Dataset records
%%
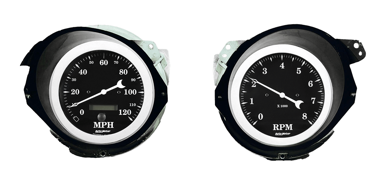 Includes polished aluminum adapter rings & Auto Meter Old Tyme Black gauges.
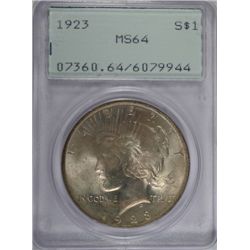1923 PEACE DOLLAR PCGS MS 64 "RATTLER"
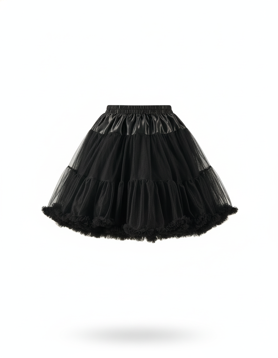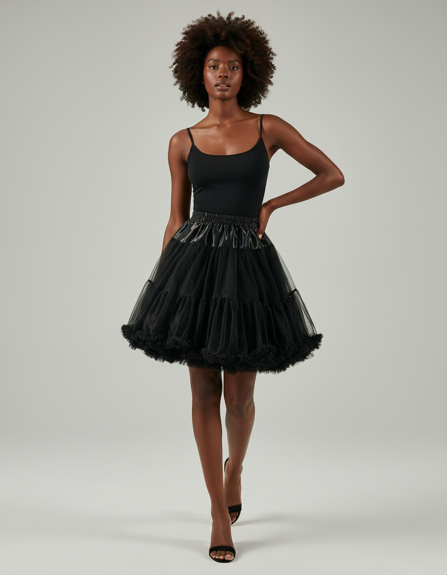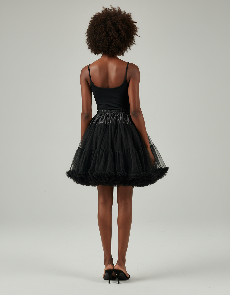 Cette jupe est une jupe patineuse de couleur noire, caractérisée par son volume et ses volants superposés.
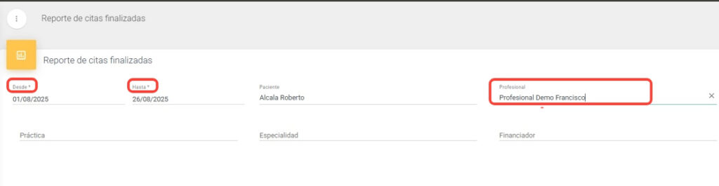 2. Completa los campos obligatorios de rango de fechas “Desde/Hasta”. Si lo deseas, utiliza el resto de los campos que son “Paciente, Profesional, Práctica, Especialidad, Financiador” para realizar una búsqueda específica”.
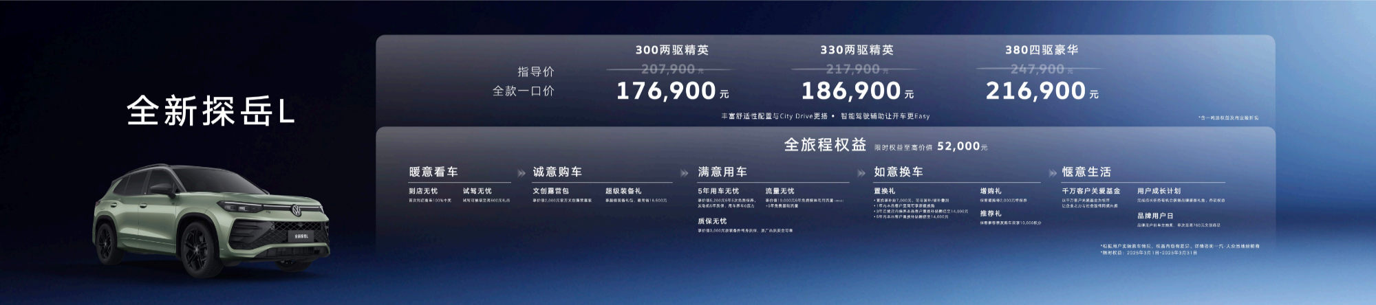 3月1日,一汽-大眾全新探岳L在五岳之首泰山震撼上市,新車共推出300TSI、330TSI、380TSI三種動(dòng)力配置共3種車型,官方指導(dǎo)價(jià)20.79萬元起,可選裝舒適性配置豐富的City包和駕駛輔助功能Easy包。現(xiàn)在購買全新探岳L,還將享受17.69萬元起的全款一口價(jià)。
%%
**EXERCISE DESCRIPTION:** Each line above is to be copied exactly, and the pictures are to be dropped.

**SOLUTION TO THIS PROBLEM:**
 Includes polished aluminum adapter rings & Auto Meter Old Tyme Black gauges.
1923 PEACE DOLLAR PCGS MS 64 "RATTLER"
 Cette jupe est une jupe patineuse de couleur noire, caractérisée par son volume et ses volants superposés.
 2. Completa los campos obligatorios de rango de fechas “Desde/Hasta”. Si lo deseas, utiliza el resto de los campos que son “Paciente, Profesional, Práctica, Especialidad, Financiador” para realizar una búsqueda específica”.
 3月1日,一汽-大眾全新探岳L在五岳之首泰山震撼上市,新車共推出300TSI、330TSI、380TSI三種動(dòng)力配置共3種車型,官方指導(dǎo)價(jià)20.79萬元起,可選裝舒適性配置豐富的City包和駕駛輔助功能Easy包。現(xiàn)在購買全新探岳L,還將享受17.69萬元起的全款一口價(jià)。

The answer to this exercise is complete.